What? Leave this town? I could never do that, you fool! Anyway, she adds, glaring with seething fury at the dampness that has crept upon his cheeks, thet aint why.
He says nothing and she slaps him. So hard she knocks his hat off and her own dark bun is tipped askew. Outside, it sounds like the whole town is being torn apart, and inside his breast it feels that way too, for he has beheld the strands of orange curls peeking out beneath the unsettled bun.
And then the uproar suddenly subsides and the men come piling back into the jailhouse, heated up and blustery with the excitement of their kill, a turbid blur before his eyes of hats and hair and noses.
Whoa, sheriff! Yu shoulda witnessed the way thet crazy mare tuck out yer gallows!
Turned the whole bizness inta nuthin but a passel a toothpicks!
Whoopee! Never seed the like!
Obstructin justice, she wuz!
And more holes in her by then than a cribbage board!
She never even tried t’run. It wuz like she wuz plumb heart-sick’n jest hankerin t’cash in!
But it warnt easy! Thought we’d never bring the ole nag down!
Pumped everthin I had inta the colicky critter!
Criminently! She wuz some goldurn hoss!
Course, now we gotta build thet dodrabbid thing all over agin so’s we kin string up this onfortunate buckaroo.
Aw hell, we’ll never git it done in time, thet damned mare has seed to thet. I say we jest fergit it’n go git drunk instead.
Now yu’re talkin, hombre. I wouldnt keer t’put down mebbe jest a jug or two.
Shore, they all agree. Let him go. He aint hardly done nuthin wrong.
No, boys, says the saloon chanteuse, taking the dark bun off to shake her ginger locks loose, one ruby-tipped breast now bouncing free from her undone bodice, yu caint do thet. The scrofulous varmint is broke the lawr and he’s gotta pay fer it.
Aw, Belle, he aint but only a killer, hoss thief, cattle rustler, trainrobber, ‘n card cheat, whutsa harm in thet?
The sumbitch jilted me, she says bitterly. Hangin’s too good fer him.

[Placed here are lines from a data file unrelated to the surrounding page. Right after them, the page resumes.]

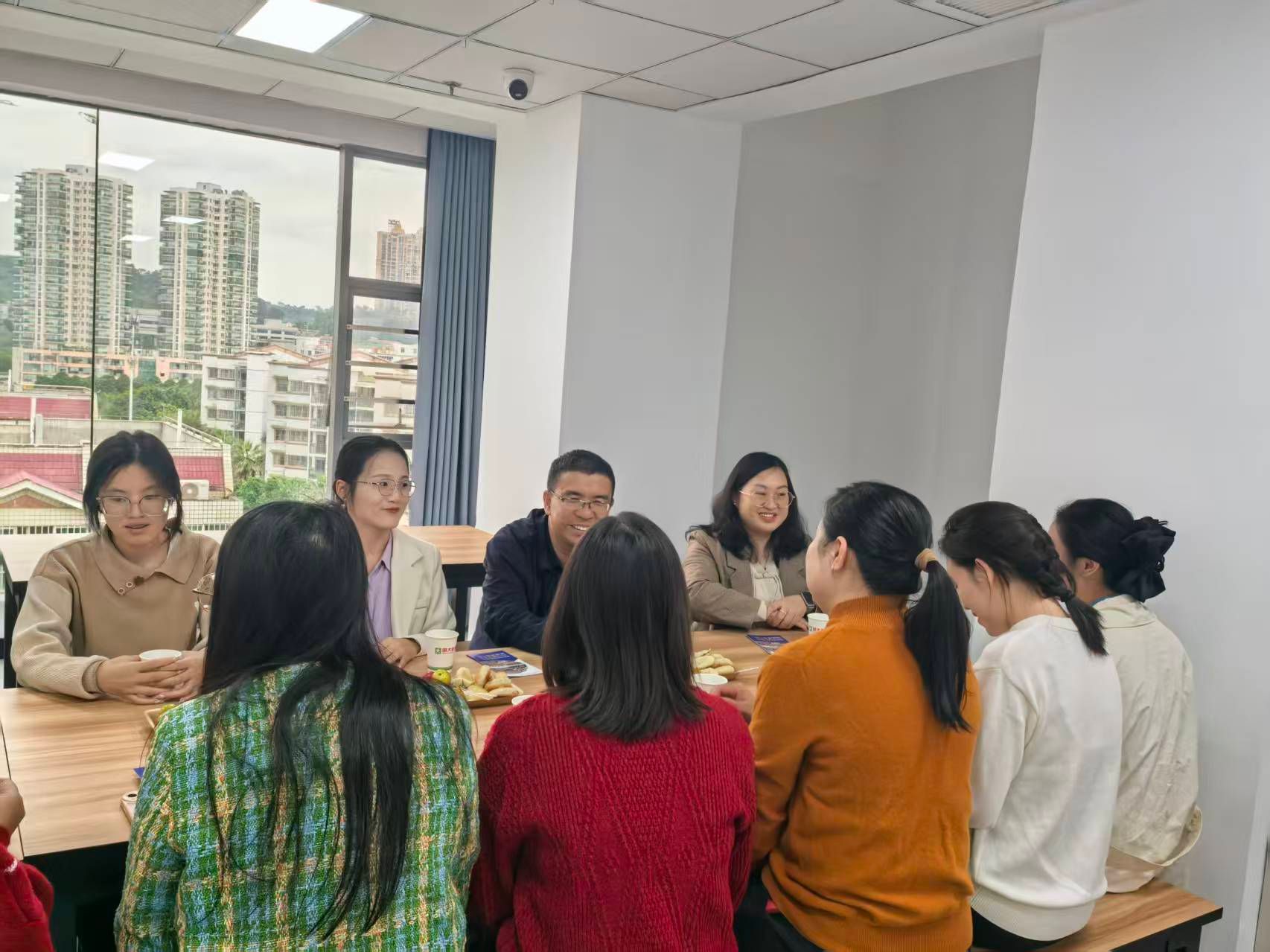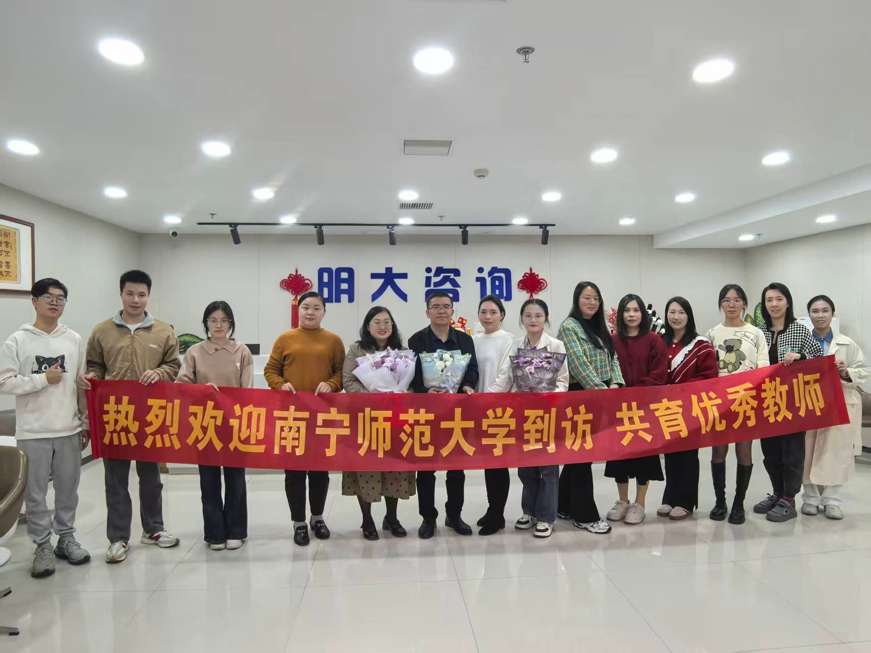 为精准对接企业用人需求,助力毕业生高质量就业,10月23日下午,数学与统计学院党委副书记王卫彬、团委书记梁卡霖、辅导员滕容梅带领毕业班学生代表,前往南宁明大教育开展访企拓岗活动。明大教育人力总监陆庆熊及南宁各校区教学主管热情接待,双方围绕校企合作、毕业生就业等议题展开深入交流。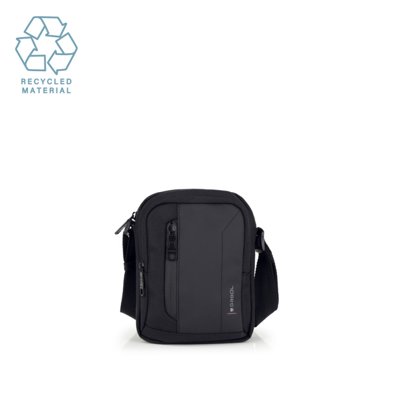 Bandolera pequeña de la colección Aston. Fabricada en material reciclado y piel sintética, libre de plásticos PVC y resistente al agua. Medidas: 15x19x7 cm.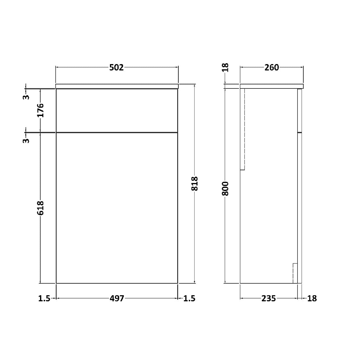 - Width: 502mm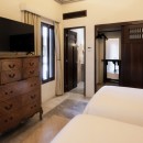 Bedroom 6 (Tortuga): Bedrooms with a king-size bed, A/C, TV, safe and en-suite bathroom with shower, vanity, and WC. This room offers the possibility of an extra single bed. Ground floor. Courtyard view.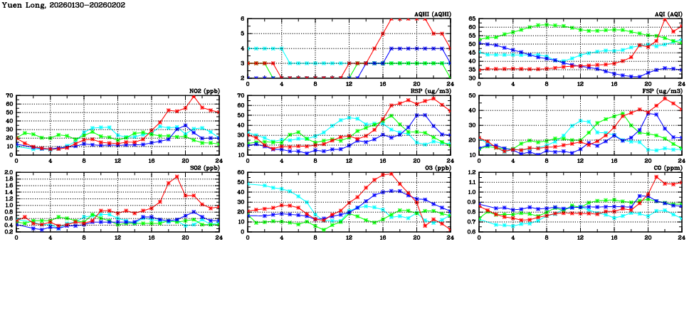 | Air Quality Data Time Series in Yuen Long (2026/02/02) | ( Line colors: Day -3 Day -2 Day -1 Current day ) | 2D Map Current AQHI |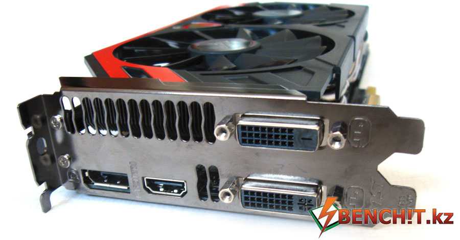 На интерфейсной панели нет ничего необычного: имеются два DVI (один DVI-D, другой DVI-I), HDMI и DisplayPort, а также радиаторная решетка для выброса горячего воздуха за пределы корпус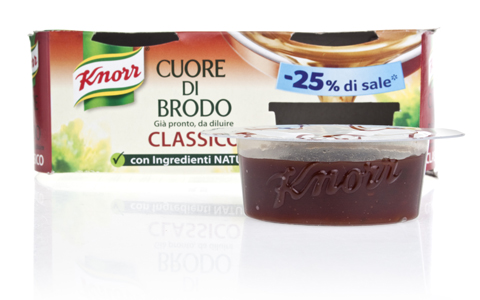 A causa della forma ovale delle singole porzioni resta un po’ di spazio vuoto all'interno della confezione di cartone (stondata e non compatta) che influisce negativamente anche sullo stoccaggio e sul trasporto. La presenza di 2 imballaggi (esterno di cartone ed interno di plastica) aumenta la quantità di rifiuti prodotti. Per quanto riguarda lo smaltimento, le vaschette interne devono essere buttate nell'indifferenziata: anche se si tratta di plastica, infatti, sono contaminate da alimenti. Nota positiva: il contenuto gelatinoso occupa quasi completamente il volume della vaschetta e non c’è spreco. La scatola esterna di cartone si schiaccia facilmente e può essere riciclata nella carta. Ogni vaschetta da 28 g corrisponde a 500 ml di brodo, la confezione è da 4 vaschette. In media per 1 litro di brodo usiamo 4,5 g di imballaggio, solo per metà riciclabile.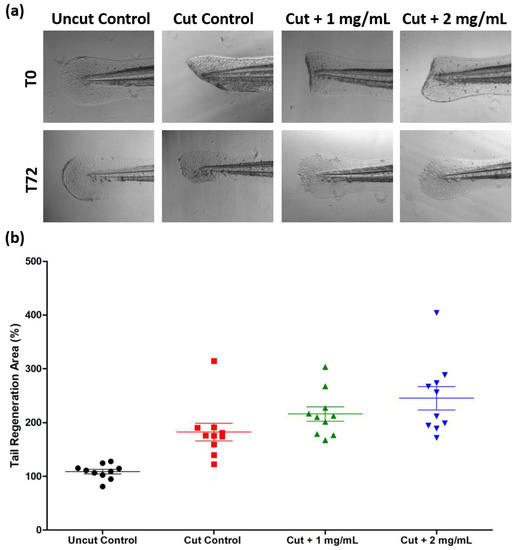 Casper zebrafish embryos were obtained from the lab’s facilities of molecular mechanisms in neurodegenerative dementia (MMDN), Inserm U1198, Montpellier University, Montpellier. Embryos were maintained in Petri dishes with a sufficient amount of water at 28 °C and a 14 h light/10 h dark cycle. At 72 h post fertilization (hpf), the caudal fin was transected (or not) with a sterile scalpel, under anesthesia with 168 µg/mL of Tricaine (ethyl 3-aminobenzoate, Sigma Aldrich, France) in zebrafish water, and imaged using EVOS M5000 microscopy (T0). Embryos were kept in 24-well plates, one embryo per well, with 2 mL of water containing 0 or 1 mg/mL or 2 mg/mL of Moringa oleifera extract immobilized SA/PVA scaffold suspensions (S5). Embryos were observed after 3 days of treatments (T72). The area of the tail of each embryo was calculated using ImageJ software at T0 and T72. The growth percentage in each embryo was calculated as T72/T0 × 100. Results are presented as mean ± SEM. The number of embryos was 10 for each condition.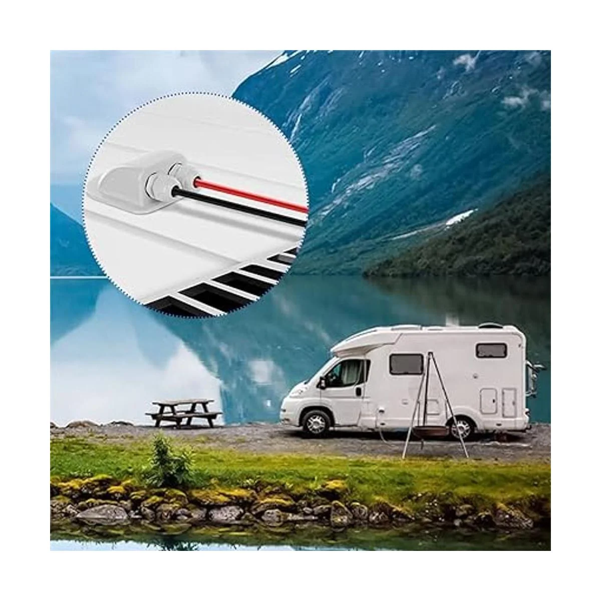 Fácil instalación: no hay necesidad de perforar agujeros en el techo o cubierta de la caravana durante la instalación. Se instala con pegamento, que es seguro, hermoso y fácil de desmontar.
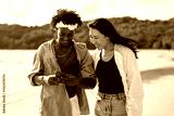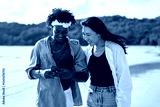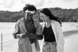 Happy moments by the beach, friends enjoying mobile connection, social media, and summer vibes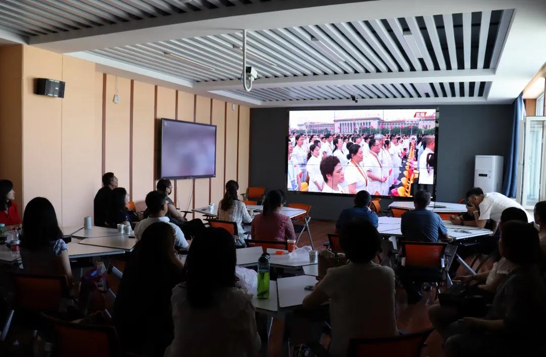 全体教职工以及学生代表在学院楼会议室集中收看了庆祝中国共产党成立100周年大会,并于会后第一时间组织召开学习交流会,学习贯彻习近平总书记在庆祝中国共产党成立100周年大会上的重要讲话精神。
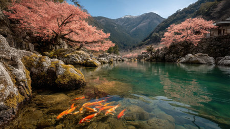 A picturesque scene of koi swimming in a tranquil pond surrounded by blooming cherry blossom trees with majestic mountains in the background, evoking peace.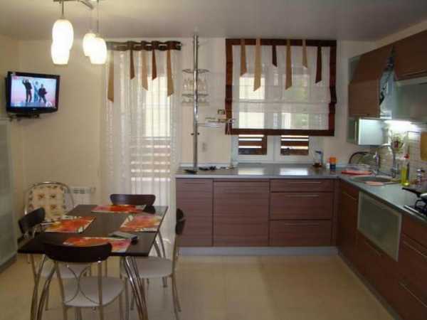 - Цвет может быть любым, в зависимости от вкуса владельца, однако дизайнеры советуют гармонировать оттенок занавесок с фасадами мебели.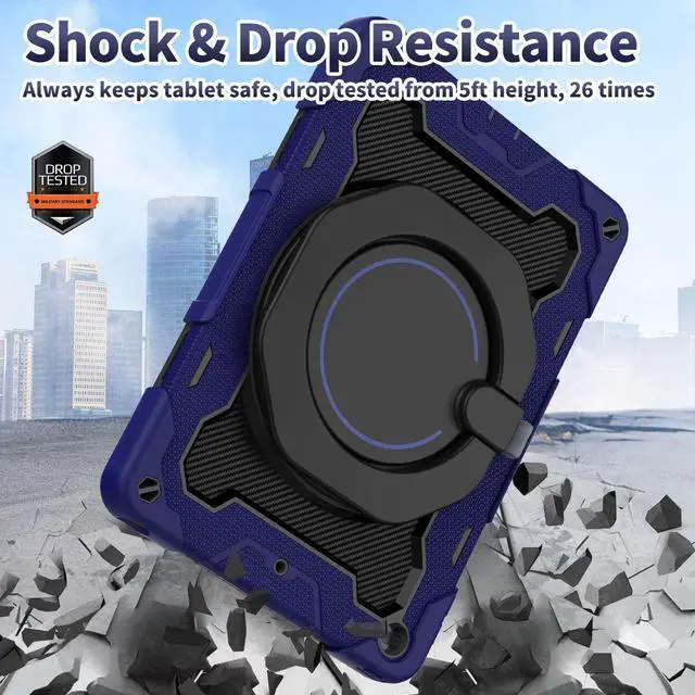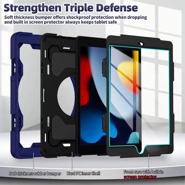 [Heavy Duty Military Grade Shockproof Rugged Full Body Protective 10.2" Cover] Fits 2021 iPad 10.2 inch 9th Generation model A2602 A2603 A2604 A2605, 2020 iPad 10.2 inch 8th Generation model A2197 A2198 A2200, 2019 Release iPad 10.2 inch 7th Generation A2270 A2428 A2429 A2430 ^^ [Advanced Silicone Material Enhanced Drop Protection] Upgrade shock-absorbing iPad 9th/8th/7th generation silicone shell with Air-Guard corners and shock-absorbing silicone to protect iPad 10.2 inch case from drop, shocks, impacts and scratches during hit against floor and daily use situation, ensure offer drop protection truly, also particle full around on silicone increase comfortable and anti-slip function when in use ^^ [3-Layer Full Body Protection with built in HD Screen Protector] Built in HD screen protector, enhance 3-layer construction design, unique super thick shock-absorbing iPad 9th/8th/7th generation silicone shell exceed 2X Military Grade Drop Test Standard [MIL-STD 810G- 516.6 ], be sure to offer strongest protection, against any sudden drop, shock and knocks, safe for kids.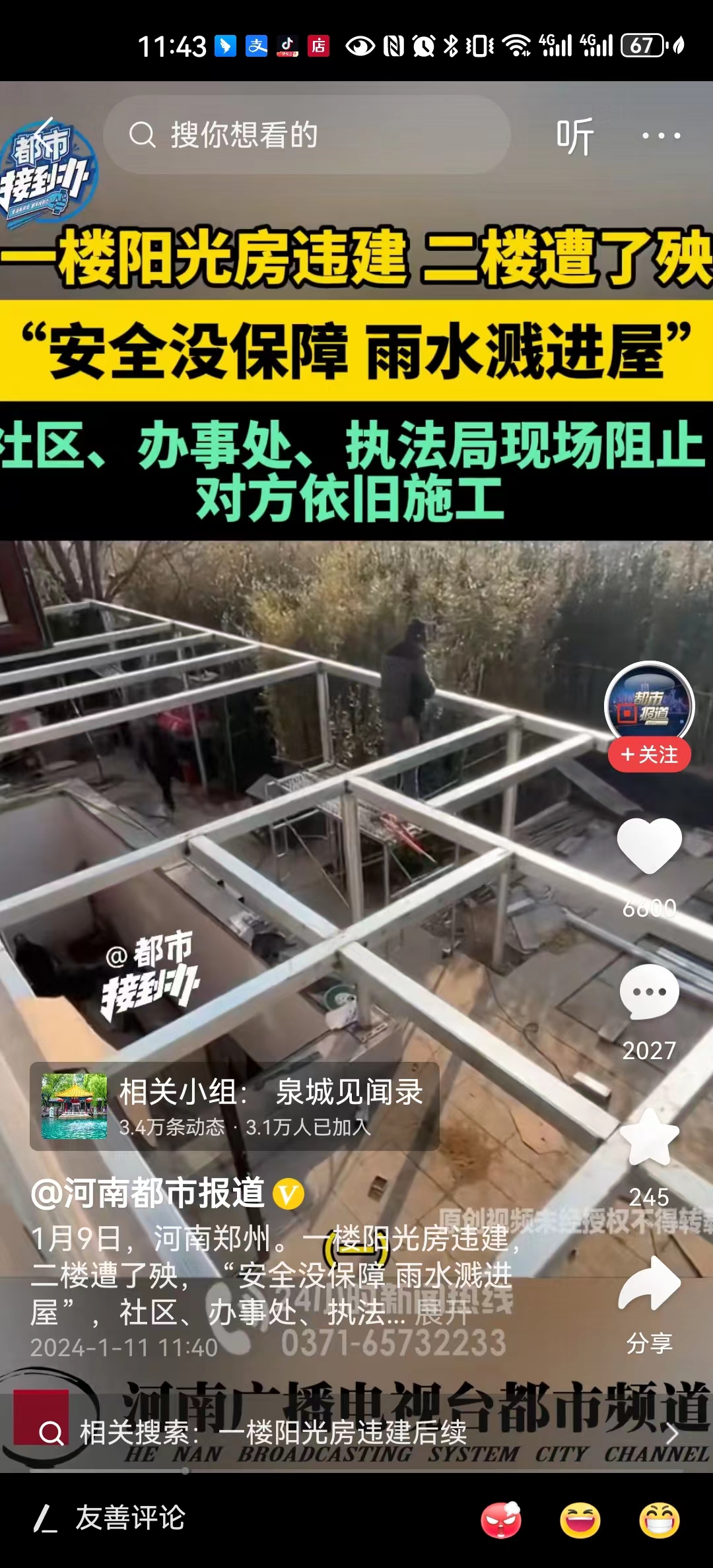 #一楼违建阳光房 多部门阻止未果#城管局这个时候办事又畏畏缩缩的,现场工作人员还说我们可以认定他违法,但是我们没有执法权,执法权在执法中队。但是请问执法中队不也是城管局的下属机构吗?这还是一个单位之内的两个不同职能部门,都不能及时联动,在这里城管部门和街道部门真的值得去反思检讨一下。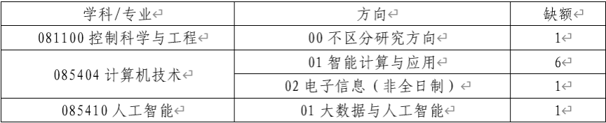 目前,我院部分专业方向存在缺额,具体信息如下: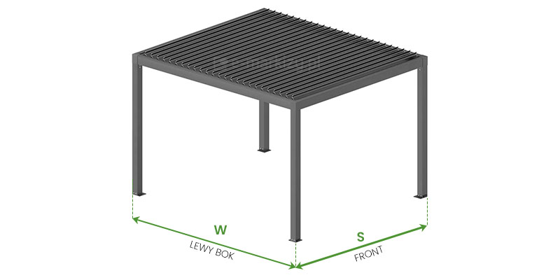 Pergola posiada stałą szerokość 350cm, a największy możliwy wysięg to 475cm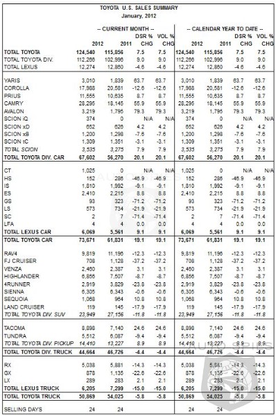 Toyota Motor Sales USA Inc. reported monthly sales results of 124,540 units as momentum from the fourth quarter of last year picked up speed in January. With 24 selling days in January 2011 and 2012, sales increased 7.5 percent over the year-ago month on a daily selling rate (DSR) and unadjusted raw volume basis. Driven by an increase in sales of the all-new 2012 Camry and Camry hybrid, the Toyota Division posted January sales of 112,266 units, an increase of 9.0 percent compared to the same period last year. The Lexus Division reported sales of 12,274 units, down 4.6 percent from last January.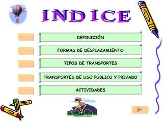 El documento define los medios de transporte como formas de trasladar personas o mercancías de un lugar a otro. Explica que hay tres tipos principales según el medio - aéreo, terrestre y marítimo. Proporciona ejemplos de diferentes vehículos para cada tipo y distingue entre transportes públicos y privados. Finalmente, incluye algunas preguntas sobre los diferentes medios.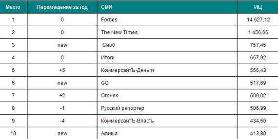 Первые две позиции за прошлый год не изменились – тамнаходятся Forbes и The New Times. В рейтинг впервые попали журнал «Сноб»(учредил премию «Сделано в России»), GQ с рейтингом самых невлиятельных мужчини «Афиша» с интервью Дмитрия Пескова. Самое заметное перемещение (на пятьпунктов вверх) у журнала «КоммерсантЪ-Деньги», опубликовавшего рейтинг самыхквалифицированных управляющих компаний.

The men glance wearily at one another, their shoulders sagging. Shit. Yu shore, Belle?
I’m shore.
Awright. Better go rustle up some hammers’n nails, I reckon.
Thet wood out thar’s all kicked t’smithers. We’ll hafta rip down the stables’n start over.
Sorry, sheriff, says a baggy-eyed oldtimer with a scar running across his bulbous nose from ear to ear like a clothesline for his beard, and now wearing the deputy’s badge. Aint nuthin we kin do. He strips him of his sheriff’s star and weapons. Better git yer pore fucked butt inta thet cell thar, whut’s left of it, and behave yerself whilst we git on with whut we hafta do.
Whutsamatter with him anyhow, deppity? someone asks and they all turn toward him. He’s watching her fasten the ruby pin into place in her pierced cheek. And reflecting on how he was never really cut out for the civilized life and how considering for a moment that he might be was a weakness and a flaw in him, a fatal one as it turns out. The jasper looks like a mule jest kicked him in the cods.
It’s Belle. Seein her fitted out like thet.